Notification for when entire hostgroup is down

This support forum board is for support questions relating to Nagios XI, our flagship commercial network monitoring solution.
Locked
matt_ps
Posts: 11
Joined: Mon Oct 09, 2017 11:50 am

Notification for when entire hostgroup is down

Post by matt_ps »

Hello, we have Nagios XI in AWS to monitor our externally facing services. Each of our hosts are added to the hostgroup for their respective data center. We had a short outage with one data center last night and I got an onslaught of emailed alerts (which were delayed delivery since our mail server resides in that datacenter). I'm looking to make the alerting a bit more intelligent and send a PagerDuty alert if an entire hostgroup (i.e. an entire data center) fails.

Is this possible? If so, how can this be configured and managed?

If it isn't natively supported, can I make a custom host check that uses a REST API call to query the hostgroup's member's statuses? Is there any script out there already created for this purpose that I can borrow from? I hate to reinvent the wheel :roll:
npolovenko
Support Tech
Posts: 3457
Joined: Mon May 15, 2017 5:00 pm

Re: Notification for when entire hostgroup is down

Post by npolovenko »

Hi, @matt_ps. I'd probably go with a child-parent relationship here. So each mail server in a data center would be a parent, and all other hosts within a host group will be children. After you apply that: if mail server(parent) goes down Nagios will automatically know not to send critical notifications from other hosts(children) in the same group. Take a look here:
https://assets.nagios.com/downloads/nag ... ility.html
As of May 25th, 2018, all communications with Nagios Enterprises and its employees are covered under our new Privacy Policy.
matt_ps
Posts: 11
Joined: Mon Oct 09, 2017 11:50 am

Re: Notification for when entire hostgroup is down

Post by matt_ps »

Well that's fine for that one use case, but our other data centers don't have mail servers. Additionally, what if that mail server goes down for some other reason? Do we receive an alert saying the entire data center is down?

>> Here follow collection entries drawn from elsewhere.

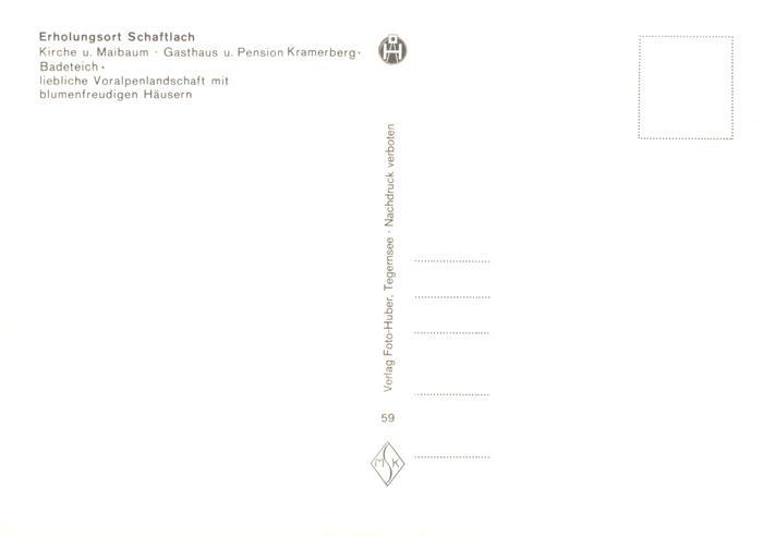73891719 Schaftlach Kirche und Maibaum Gasthaus Pension Kramerberg Badeteich Voralpenlandschaft mit blumenfreudigen Haeusern postalisch nicht gelaufen Erhaltung siehe scans [WerneD78] KatCode: 11110009182134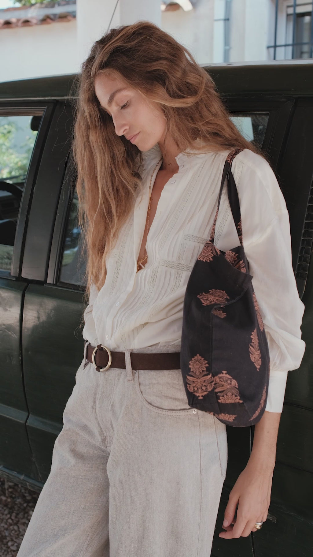 Delicada y vaporosa blusa de manga larga con doble tejido de voile de algodón. Esta toda decorada con unas delicadas jaretas y tiras de encaje de algodón.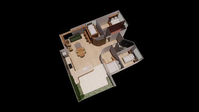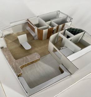 lecture on interiority, I became more comfortable with our design. I realised that with our understanding that the apartment will be for students, there will always be new occupants, and creating a personalised space for 4 people wasn’t, in reality, a functional idea. The space we created is neutral and usable for all people, grounding our design in reality.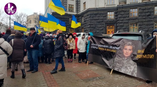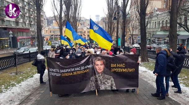 Протестующие несли с собой несколько больших баннеров, главный из которых – с первой леди Украины Еленой Зеленской в военной форме и подписью: "Хотите забрать нас в армию? Сначала Елена Зеленска! Ви нас поняли?", а также флаги Украины.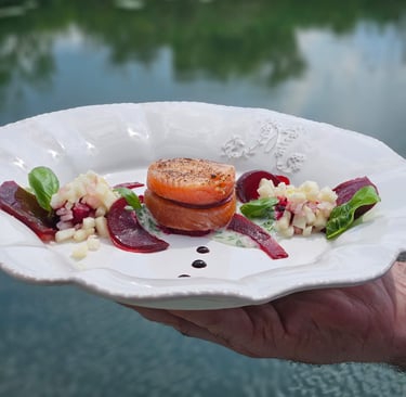 Gravlax trout, apple tartare, shallots, lemon cream sauce with roasted beetroot purée
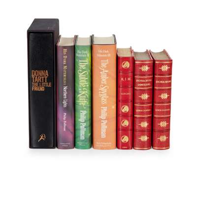 The Northern Lights; The Subtle Knife; The Amber Spyglass. London: Scholastic, 1995, 1998, 2000. First edition, first impression of Amber Spyglass, ninth impression of Northern Lights, seventh impression of Subtle Knife, 3 works, 8vo, original boards, dust jackets, signed by Pullman on the title-page of each volume;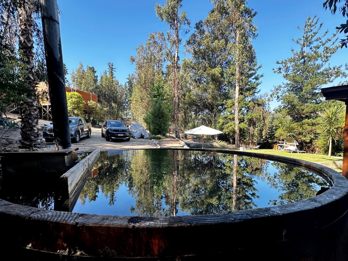 Refugio con Vista Panorámica al Valle Despierta cada mañana con una vista privilegiada del valle, rodeado de un entorno natural que invita al descanso y la desconexión. Lo que ofrecemos: Espacios cálidos y confortables para un descanso pleno. Jacuzzi al aire libre para disfrutar bajo las estrellas. Fogón perfecto para compartir historias o una copa de vino. Entorno natural que invita a caminar, respirar profundo y reconectar.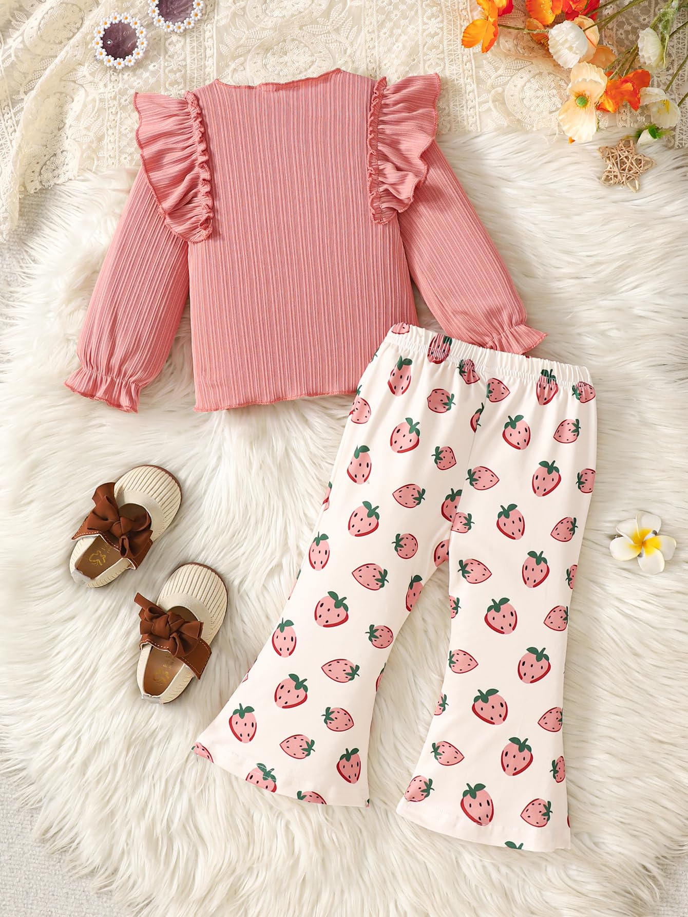Cute and Trendy Clothes: This two piece outfits for girls includes a ruffle shirt with sweet ruffle details along the chest,neckline,and back that add just the right amount of charm without being too fussy,and bell bottom pants with elastic waist. Your little princess will love such a cute outfit!

Does this mean that there's no native way to alert on hostgroups? Being able to report "40% of hosts in XYZ data center are down" and having that go through PagerDuty (our escalation platform) would be absolutely invaluable as well. Essentially we want to have PagerDuty alerts for intelligent alerts telling us that "hey, maybe something bigger is going on here than just some issues with a few various hosts".
npolovenko
Support Tech
Posts: 3457
Joined: Mon May 15, 2017 5:00 pm

Re: Notification for when entire hostgroup is down

Post by npolovenko »

@matt_ps, If the mail server goes down no emails with alerts will be sent out. They will spool up and they'll be sent out all at once when the mail server goes back up.
It looks like BPI component is what you're looking for. You'll be able to receive alerts based on the percentage of how many hosts in a host group are down. https://assets.nagios.com/downloads/nag ... BPI_v2.pdf
As of May 25th, 2018, all communications with Nagios Enterprises and its employees are covered under our new Privacy Policy.
matt_ps
Posts: 11
Joined: Mon Oct 09, 2017 11:50 am

Re: Notification for when entire hostgroup is down

Post by matt_ps »

That's exactly what I'm after, thank you!
npolovenko
Support Tech
Posts: 3457
Joined: Mon May 15, 2017 5:00 pm

Re: Notification for when entire hostgroup is down

Post by npolovenko »

@matt_ps, Not a problem! I'm going to close this thread as resolved than but if you'll have any other questions feel free to create a new one.
As of May 25th, 2018, all communications with Nagios Enterprises and its employees are covered under our new Privacy Policy.
Locked